Accordingly, they found that the section ‘answers the description of a discriminatory burden on interstate trade of a protectionist kind’ ([118]).

Similarly, Heydon J held that the practical operation of s 27D is to prohibit an out-of-state provider of wagering services using as an element of its services information about race fields generated by WA racing operators ([142]); and that the protectionist prohibition could not be saved by the discretion to create exemptions ([141], [144]; see also the joint judgment at [119]). For reasons similar to those in relation to s 24(1aa), Heydon J went on to reject WA’s arguments that s 27D(1) was valid because it was aimed at preserving the integrity of racing in WA ([145]) or because it ensured that persons who seek to utilise the horse and greyhound races conducted in WA for the purpose of a wagering business make a contribution to the persons who conduct those races ([146]).

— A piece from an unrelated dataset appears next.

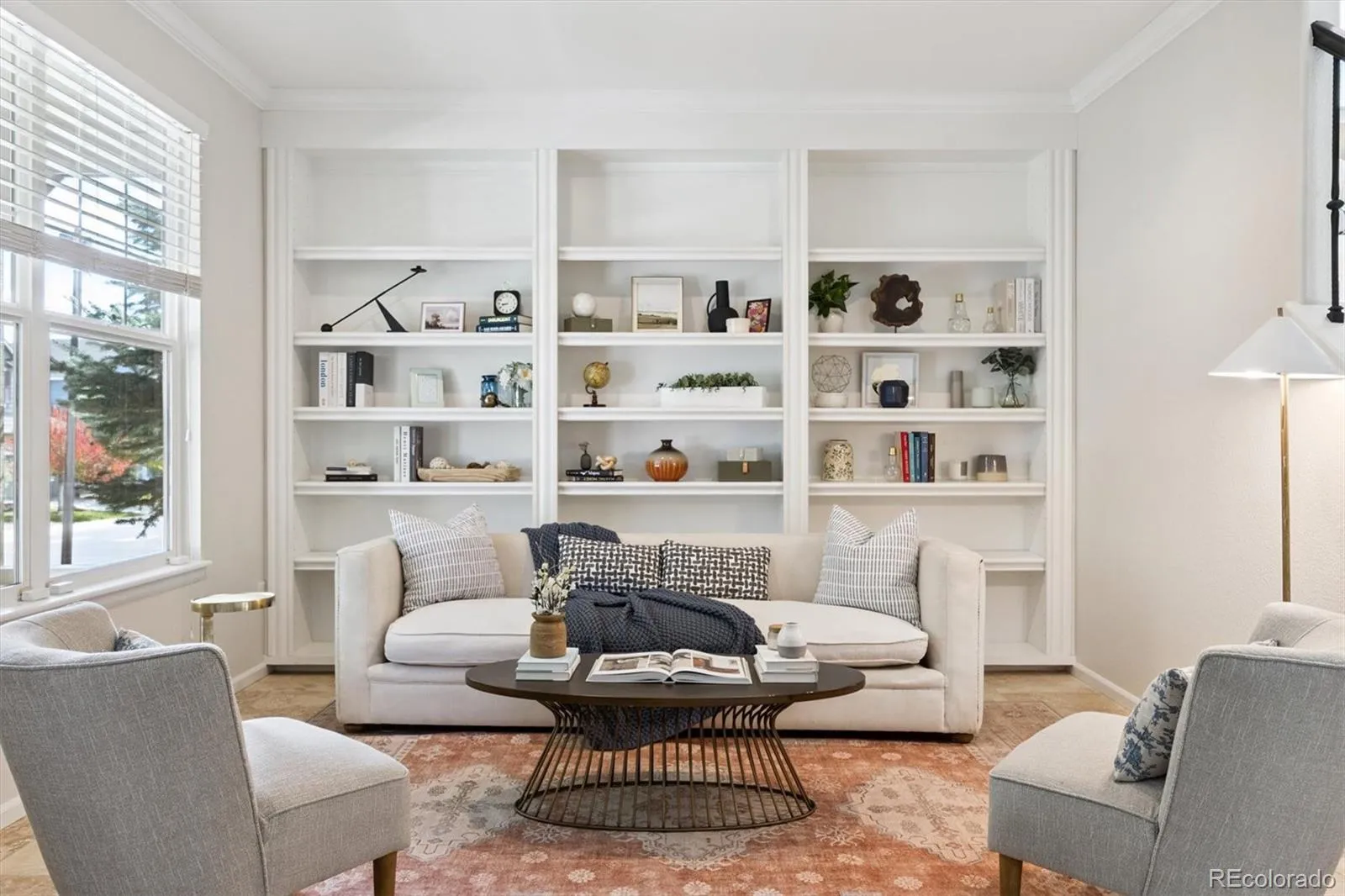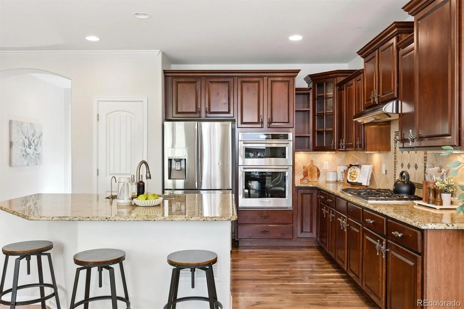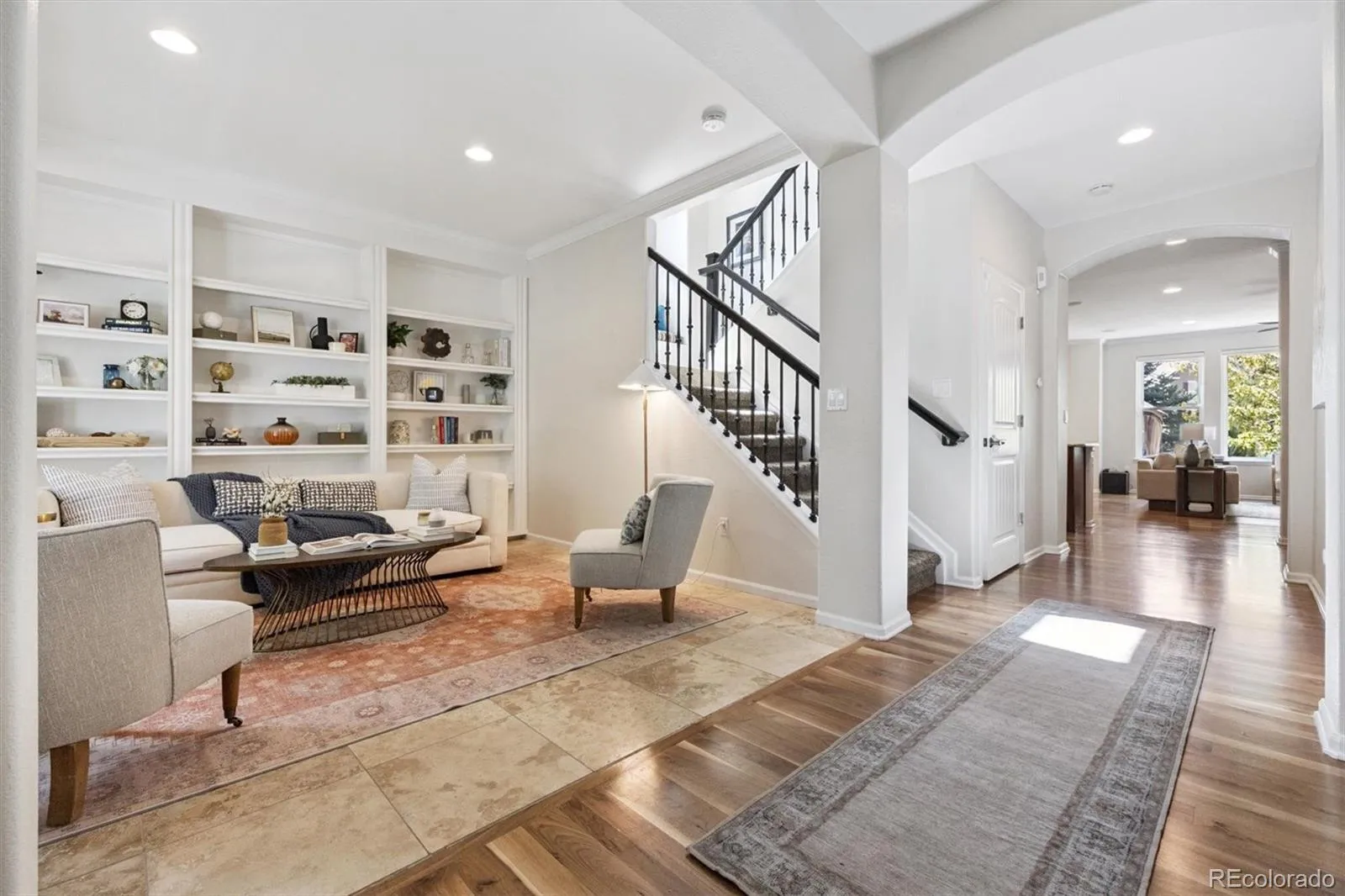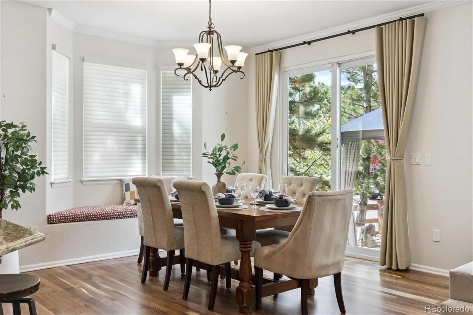 Situated on a premium corner lot in The Meadows, 2339 Robindale Way is defined by intentional design, seamless flow, and refined finishes throughout. The grand foyer opens to a spacious family room, complemented by beautiful walnut hardwood floors, abundant natural light, built-in Bose speakers, and a dual-sided gas fireplace that adds warmth and texture to the space. Enjoy intimate family meals in the formal dining space; with custom built-ins, this room could be optioned as a second home office. The well-appointed kitchen includes granite counters, a stainless steel appliance package with dual ovens, a walk-in pantry, and an oversized center island. Step outside to a serene park-like backyard. The yard offers privacy, featuring multiple mature trees and new professional landscaping, which can be enjoyed from the sizable paver patio. Enjoy listening to the relaxing water feature while hosting summer BBQs or relaxing under the stars. Upstairs, the private living quarters unfold to three generously sized secondary bedrooms, a full bath, laundry, and the primary suite. This sanctuary is complete with tre-ceilings, a walk-in closet, and an ensuite 5-piece bath. Descend to the finished lower level for family movie nights in the sizeable den. A private 5th bedroom and bath make for a great guest suite or optional flex space. Additional features of this turnkey residence includes a brand new roof, a main-floor home office with a gas fireplace, a laundry room featuring built-in cabinetry, an attached 3-car tandem garage equipped with a 240V EV charging station, and Paid-Off solar panels that can be transferred to the next owner. The Meadows is a coveted family-friendly community in Castle Rock within minutes of Soaring Hawk and Clear Sky Elementary, Paintbrush Park, The Grange, Red Hawk Ridge golf course, and endless shopping, dining, and entertainment of The Outlets and Downtown Castle Rock. This residence is ready for its next chapter; all it needs is you.

Alleged inconsistency between Western Australian and Tasmanian legislation

The plaintiffs had also argued that s 27D(1) was invalid by reason of the alleged direct conflict between it and the authority given to Betfair by its licence under Tasmanian law. The Court found it unnecessary to consider this argument concerning inconsistency between laws of different states ([123]).

 

AGS (David Lewis and Andrew Buckland from the Constitutional Litigation Unit) acted for the Commonwealth Attorney-General intervening, with the Solicitor-General David Bennett AO QC and Graeme Hill as counsel.

Text of the decision is available at:
http://www.austlii.edu.au/au/cases/cth/HCA/2008/11.html

 

KABLE PRINCIPLE REVISITED: STATE LAW RESTRICTING DISCLOSURE OF INFORMATION IN COURT PROCEEDINGS

Peter Prince David Bennett

Peter Prince Senior Lawyer
T 02 6253 7571 F 02 6253 7303
peter.prince@ags.gov.au

David Bennett QC Deputy Government Solicitor
T 02 6253 7063 F 02 6253 7303
david.bennett@ags.gov.au

The High Court has upheld the validity of WA legislation dealing with the circumstances in which information provided by the WA Commissioner of Police to the Supreme Court (for the purposes of the Court’s review of a decision by the Commissioner of Police) could be withheld from disclosure to the applicant for review where the Commissioner had identified the information as confidential.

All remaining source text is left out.